The VETASSESS site says that for the occupation of actuary you need to have a closely related degree. 

I wish they would give examples because I'm not sure if mine would qualify or not; business economics that included stats/maths etc... I don't want to waste $500+ if they would instantly reject.

I would not be so worried if I was applying for accountant because the assessing body allows you to sit bridging modules/test to make up any deficiencies in your degree, but I don't think VETASSESS does with actuary.

I have been in employment in the financial services industry and could prove 6+ years of good actuarial employment experience with solid references.

Any advice?

Thanks.


----------



## delectable (Feb 26, 2010)

Sorry for posting twice - I had got an error/lost page message on my browser and the post wasn't showing when checked/refreshed.

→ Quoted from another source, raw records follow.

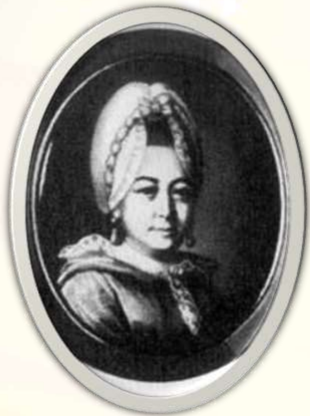
Мария Алексеевна, бабушка Александра Сергеевича

Любовь к родному языку Пушкину привили бабушка Мария Алексеевна Ганнибал, превосходно писавшая и говорившая по-русски, и няня Арина Родионовна.
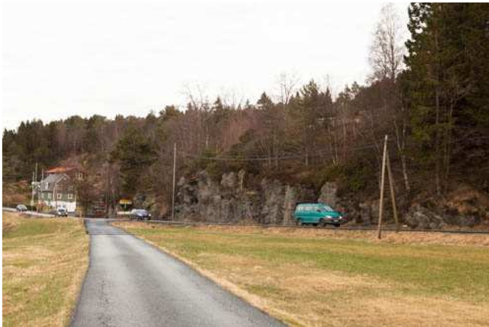
Biletet viser situasjonen sett frå gamlevegen på Fløksand.

Når det gjeld Statens Vegvesen sin uttale i samband med søknad om utvida bruk av eksisterande avkjørsle, viser vi til kommentarane våre til dette gitt i samband med dispensasjonssøknaden. Vegen ved avkjørsle er relativt smal, men fartsgrensa er låg (60km/t), og avkjørsle ligg på ei relativt rett strekning av vegen. Krav til frisikt vil vera i tråd med handbok 017 – vegnormalen med enkel vegetasjonsrydding. Vi vurderer difor eksisterande avkjørsle som relativt trafikksikker. Bruksendring frå aktivt brukt fritidsbustad til heilårsbustad medfører berre ei marginal auke i bruk av avkjørsle. Det vil uansett ikkje vere aktuelt å stengje avkjørsle. Vi viser til vedlagt brev frå gardbrukar og eigar av gnr.5/bnr.3, der dei stadfester at tilkomst til den aktuelle eiedommen via gardstunet ikkje er til hinder for deira verksemd. Søkar vil også utbetre dei delane av tilkomstvegen som han rår over, slik at omstenda kring vegbreidde og lokale stigningsforhold blir så gode som mogleg.
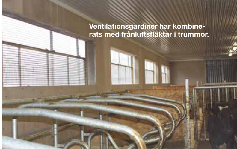
Ventilationsgardiner har kombinerats med frånluftsfläktar i trummor.

strömskena längs hela foderbordet. På sidan med ungnötsgrupper, utfodras det längs hela längden och på den andra sidan har markörer satts upp så att det utfodras precis vid varje öppning i kalvboxarna.
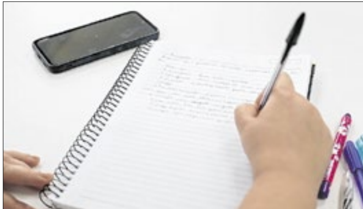
Educação do DF orienta instituições públicas sobre regras
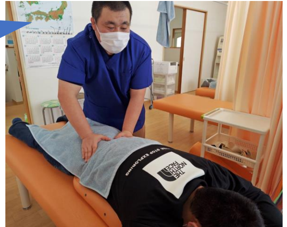
お客様に同意をいただき、施術している様子を撮影。
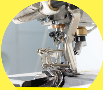
FB 3653-56 TMD
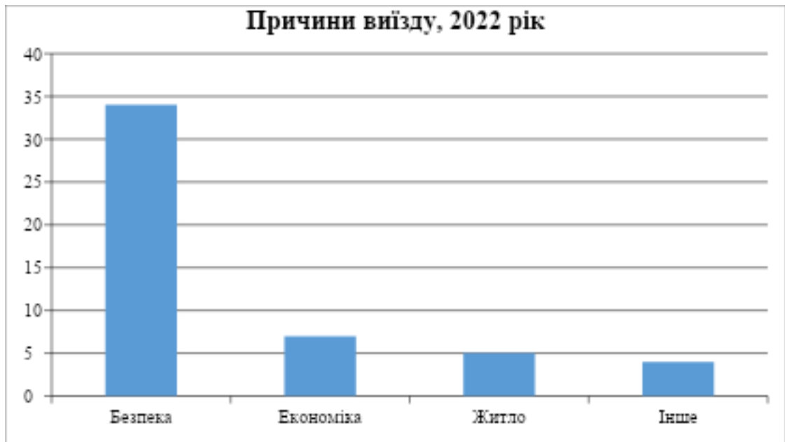
Рис 2.3. Причини виїзду мешканців з Сумської області у 2022 році

У 2024–2025 роках причини виїзду залишаються частково пов'язаними з економічними труднощами та нестабільністю, але також з'явилися нові фактори, як-от відсутність стабільних робочих місць і низький рівень соціальних послуг, особливо в прикордонних районах.
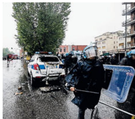
Una delle auto incendiate.

La sindaca Raggi, nell'esprimere solidarietà ai vigili aggrediti, ha dichiarato: «Le città non possono essere messe a ferro e fuo-
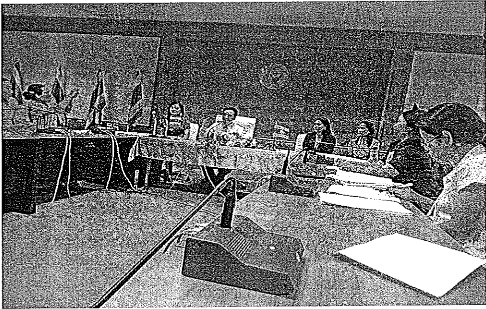
ภาพภาคผนวกที่ 1 การสนทนากลุ่มผู้บริหาร และครูผู้สอน โรงเรียนในสังกัดองค์การบริหาร ส่วนจังหวัดมหาสารคาม วันที่ 7 พฤศจิกายน 2557
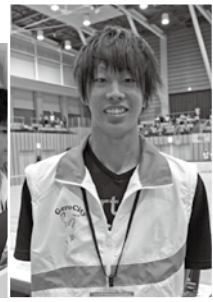
スムーズなゲーム進行が重要な オフィシャル係

「自分たちの部活動とは違い、大変なことばかりでしたが一流のプレーを目の前で見ることができ、とても楽しかったです。自分も国体選手と同じように、一流のプレーができるようになりたいです。」
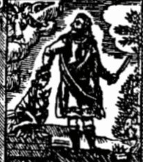
אלתשלח ידך להצער

בית הבודד ספר כן הי"ס והכבו חגבר רועל אברה מי"ס קסיניא ו'ל' : בשנת תר"ק בא' ב'תני' י' חיה ל'ק' :
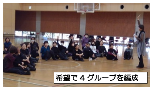
希望で4グループを編成
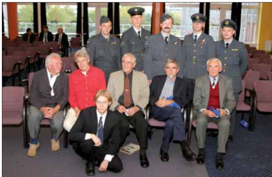
Fotografie ze setkání tvůrců a herců filmu Nebeští jezdci a bývalých příslušníků RAF s veřejností, hotel DUO, 25. 9. 2004
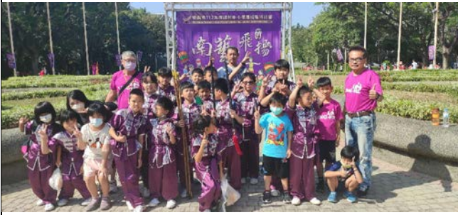
說明：成立運動團隊-武術隊傳藝比賽
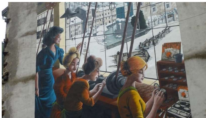
Sylvano Arts graphiques
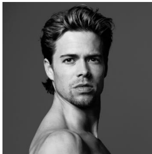
圖二十三：巴伐利亞國家芭蕾舞團客席首席芭蕾舞員、英國皇家芭蕾舞團及荷蘭國家芭蕾舞團前首席舞蹈員馬修·高頓
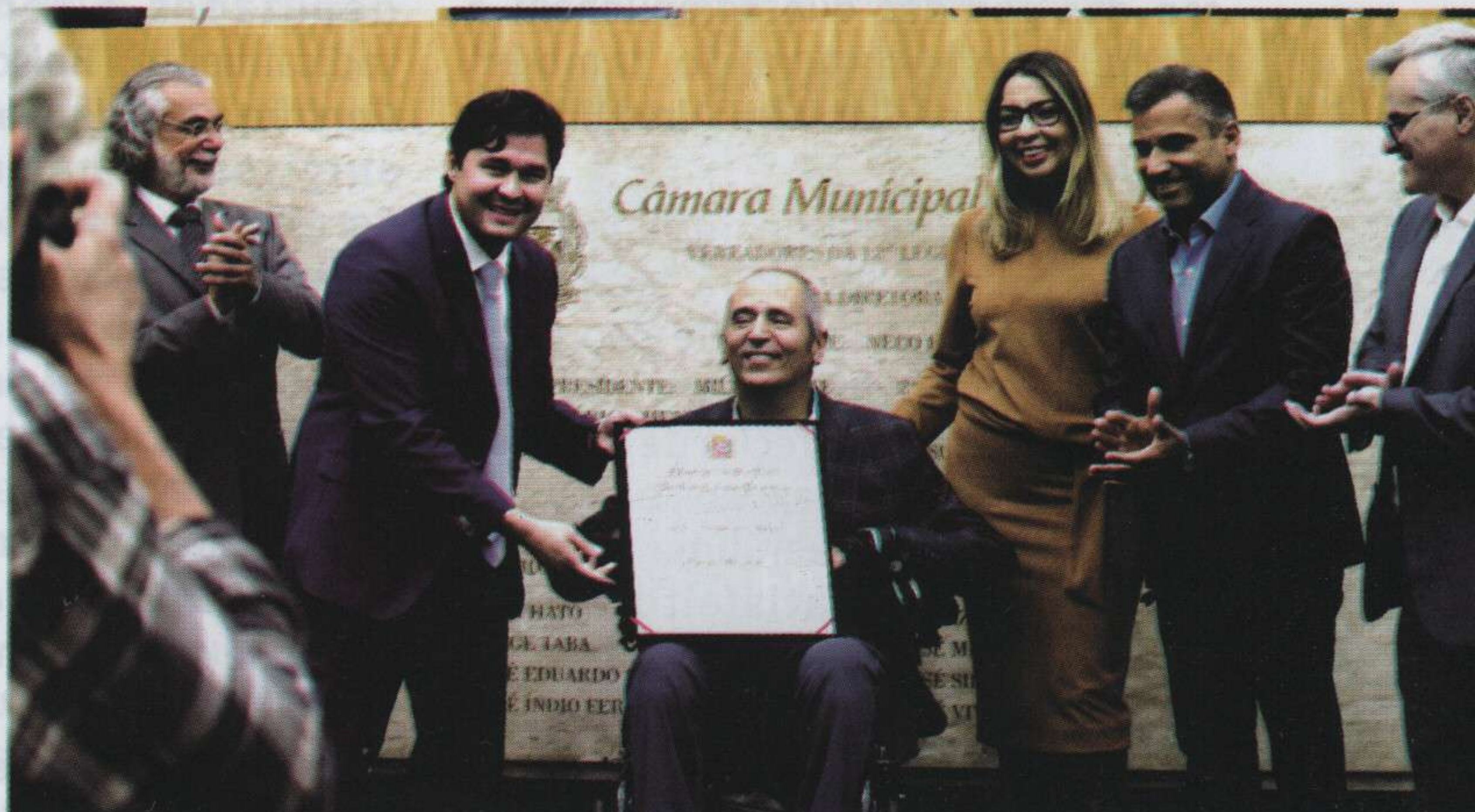
Recebendo o Título de Cidadão Paulistano na Câmara Municipal de SP
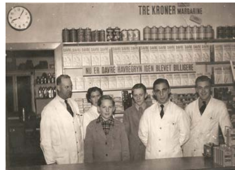
Borup Brugsforening, 1952
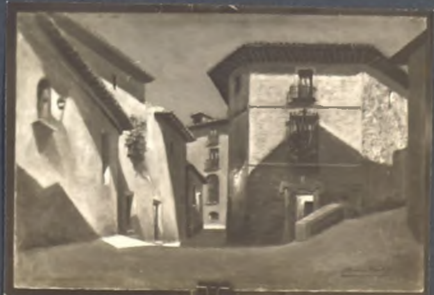
Calle de Toledo de noche
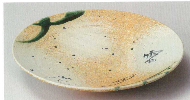
217-5-284 織部雪月花9.0皿 5,800円 28.5×4.5cm 15入 21705284
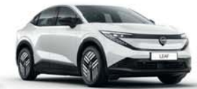
KORI WHITE - QBE
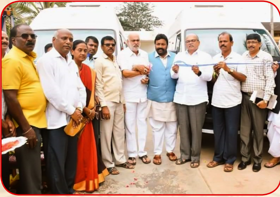
ಹಾವೇರಿ ಜಿಲ್ಲೆಯ ಹಿರೇಕೆರೂರ ತಾಲೂಕಿನಲ್ಲಿ ವಿವಿಧ ಅಭಿವೃದ್ಧಿ ಕಾಮಗಾರಿಗಳಿಗೆ ಚಾಲನೆ ನೀಡಿದರು.

Couldn't work out how to delete - could a moderator please delete?

Thanks


----------



## gold4uin (Oct 12, 2012)

delectable said:


> The VETASSESS site says that for the occupation of actuary you need to have a closely related degree.
> 
> I wish they would give examples because I'm not sure if mine would qualify or not; business economics that included stats/maths etc... I don't want to waste $500+ if they would instantly reject.
> 
> ...


Did you got your skill assessment done? We are in similar situation. My spouse has a degree in Maths.


----------